The Czech Law Office “Peterka Partners” with the largest Russian-language office in the Czech Republic has prepared a useful and informative publication for Russian entrepreneurs and all those interested in economic activities on the territory of the Czech Republic: “Business in the Czech Republic”.


One way of doing business in the Czech Republic is to set up a legal entity. Legal entities that are
established for commercial purposes are called business corporations. They include commercial
companies and cooperatives. Commercial companies can be further divided into partnerships (unlimited
partnerships and limited partnerships) and capital companies (limited liability companies, joint stock
companies and European companies). In partnerships, their members are mostly jointly and severally
liable for the debts of the company, except for limited partners in limited partnerships. In capital
companies, members and shareholders are not liable for the debts of the company. A corporation is
formed on the date of its entry into the Commercial Register.

Limited liability company

The most commonly used type of business corporations are limited liability companies. They may be
founded by one or more members. The minimum amount of registered capital is only 1 CZK. The
registered capital of the company is divided into business shares that belong to individual members
according to their contributions, unless otherwise stated by the company statutes.

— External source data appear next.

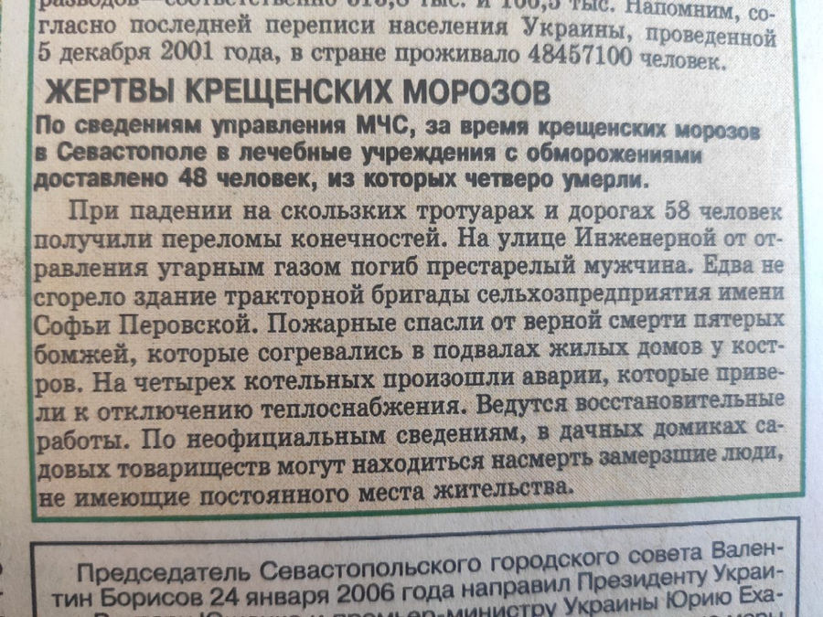 К сожалению, мороз привёл и к человеческим жертвам. По данным газеты «Слава Севастополя», как минимум четыре человека зимой 2006 года замёрзли насмерть.
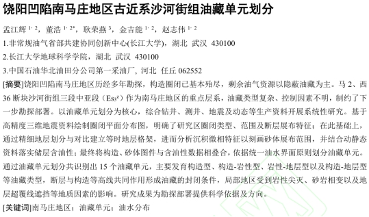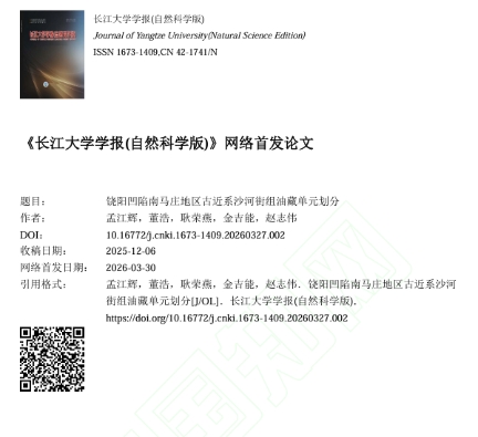 地球科学学院23级硕士研究生董浩在期刊《长江大学学报(自然科学版)》上发表题为“饶阳凹陷南马庄地区古近系沙河街组油藏单元划分”的研究论文。长江大学地球科学学院为论文第一署名单位,硕士研究生董浩为论文通讯作者,其导师孟江辉教授为该文第一作者。
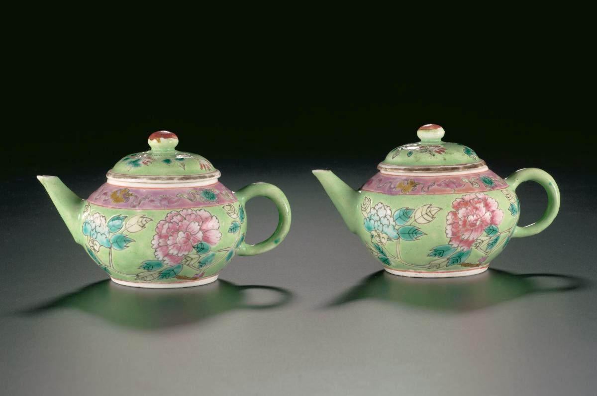 This pair of teapot stands with blue enamelled decoration were meant to hold Yixing teapots.During the early 17th century, Yixing wares consisted of unglazed vessels inspired by natural forms. Enamels were introduced in the 18th century. Thereafter it has been suggested designs that included enamelled background, which served to make the white glaze often painted beneath the lighter enamels, show up their tones better.Yixing stoneware was still popular, especially with the Straits Chinese communities in Southeast Asia during the early 20th century as is evident from this customised export ware.

The company is formed by the conclusion of a memorandum of association in the form of a notarial
deed, while it is incorporated by registration in the Commercial Register held by the respective regional
court. The company bodies of a limited liability company have a general meeting (supreme body),
executives (statutory body) and an optional supervisory board. To establish and operate a company
successfully, it is necessary to obtain a Trade Licence.

Joint Stock Company

A Joint Stock Company is a company whose registered capital is divided into shares. Shares are issued to individual shareholders. The company is formed by the conclusion of articles of association and is
incorporated by the registration in the Commercial Register.
There are two ways a Joint Stock Company can be managed – in a dualistic system or in a monistic
system. The dualistic system of management is much more frequent; in such a case the general meeting of the Joint Stock Company forms the board of directors (statutory body) and the supervisory board. In the monistic system of management the general meeting of the Joint Stock Company forms the administrative board. Consequently, the administrative board elects the statutory director. In both
systems of management the general meeting remains the supreme body.
The minimum registered capital of joint stock companies is 2,000,000 CZK (aprox. 80,000 EUR). A joint
stock company guarantees all of its assets for its liabilities. As for shareholders, they are not required to
be liable.


The sturctural unit is referred to as a branch. Branches are registered in the Commercial Register. But
there is an addition to make it clear that this is only a branch, not another legal entity. The branch has its manager appointed by a founding legal entity and acting on the basis of the power of attorney granted to the manager. Branches are recorded in the Commercial Register.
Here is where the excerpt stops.